Query Containment Module

This module contains interfaces and abstract and concrete algorithms for query containment (QC). “Abstract” means, that these implementations are not bound to a specific API, but instead are parameterized using a combination of generics and lambdas. Presently, there is one concrete parametrization for SPARQL based on the Apache Jena framework.

Artifact

<dependency>
    <groupId>org.aksw.jena-sparql-api</groupId>
    <artifactId>jena-sparql-api-query-containment</artifactId>
    <version><!-- Check link below --></version>
</dependency>

Check here for the latest version.

Usage

A simple boolean QC check can be performed using:

Query vStr = "SELECT * { ?a ?b ?c }";
Query qStr = "SELECT * { ?s ?p ?o . FILTER(?p = <http://www.w3.org/1999/02/22-rdf-syntax-ns#type>) }";
boolean isContained = SparqlQueryContainmentUtils.tryMatch(vStr, qStr);

QC Testing for homomorphic query containment can be done using:

Query v = QueryFactory.create(vStr, Syntax.syntaxSPARQL_10);
Query q = QueryFactory.create(qStr, Syntax.syntaxSPARQL_10);

Op vOp = Algebra.compile(v);
Op qOp = Algebra.compile(q);

SparqlQueryContainmentIndex<String, ResidualMatching> index = SparqlQueryContainmentIndexImpl.create();
index.put("v", vOp);

// The result is a stream of entries, where the key is the matching index entry,
// and value carries information about how the normalized algebra expression tree of that entry can be aligned to one of q.
Stream<Entry<String, SparqlTreeMapping<ResidualMatching>>> candidates = index.match(qOp);

Complete simple examples can be found at these locations:

Advanced Usage

There exist further create() methods on SparqlQueryContainmentIndexImpl, of which the most generic one takes two arguments:

  • The Subgraph Isomorphism Index to use for indexing conjunctive queries.
    • This repository provides a simple interface for a Subgraph Isomorphism index together with a JGraphT-based implementation.
    • Additional index implementations with different performance characteristics can thus be easily used for QC testing.
  • The factory for creating “NodeMapper” instances: A NodeMapper takes as input
    • a pair of nodes of the AETs of v and q
    • the so far computed containment mapping (i.e. how variables of v are mapped to those of q)
    • a map, which associates every prior pair-wise mapping of the children with an object holding information about the mapping. There exist two implementations:
    • NodeMapperOpEquality only checks whether for a given pair of AET nodes, the mapped subtrees so far are equivalent
    • NodeMapperOpContainment performs additional work. Most prominently, it computes residual filter expressions, such that two AETs v := FILTER(x, e1 && ... && en) and q := FILTER(y, f1 && … && fm)` match, if q’s filter expressions are more restrictive than v - or conversely: if q could be derived from v by introducing additional filters to v.
class SparqlQueryContainmentIndexImpl {
    public static <K, R> SparqlQueryContainmentIndex<K, R> create(
        SubgraphIsomorphismIndex<Entry<K, Long>, Graph<Node, Triple>, Node> index,
        TriFunction<
            ? super OpContext,
            ? super OpContext,
            ? super Table<Op, Op, BiMap<Node, Node>>,
            ? extends NodeMapper<Op, Op, BiMap<Var, Var>, BiMap<Var, Var>, R>> nodeMapperFactory) {
        ...
    }

}

Benchmarking

We set up a separate project for QC benchmarking based on Inrialpe’s QC Benchmark v1.4. Please refer to this site for further information.
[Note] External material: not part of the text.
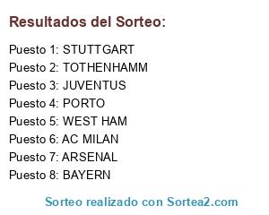 Lista de participantes: AC MILAN, JUVENTUS, ARSENAL, BAYERN, PORTO, WEST HAM, STUTTGART, TOTHENHAMM.

Note, that you need to manually fix the download URL as it points to v1.2. We fixed existing QC checkers to make them reentrant and - because of conflicting versions of their dependencies - bundled them as OSGI plugins such that multiple QC checkers can still be used from the same JVM process by having each of them loaded with a separate class loader.

License

The source code of this repo is published under the Apache License Version 2.0.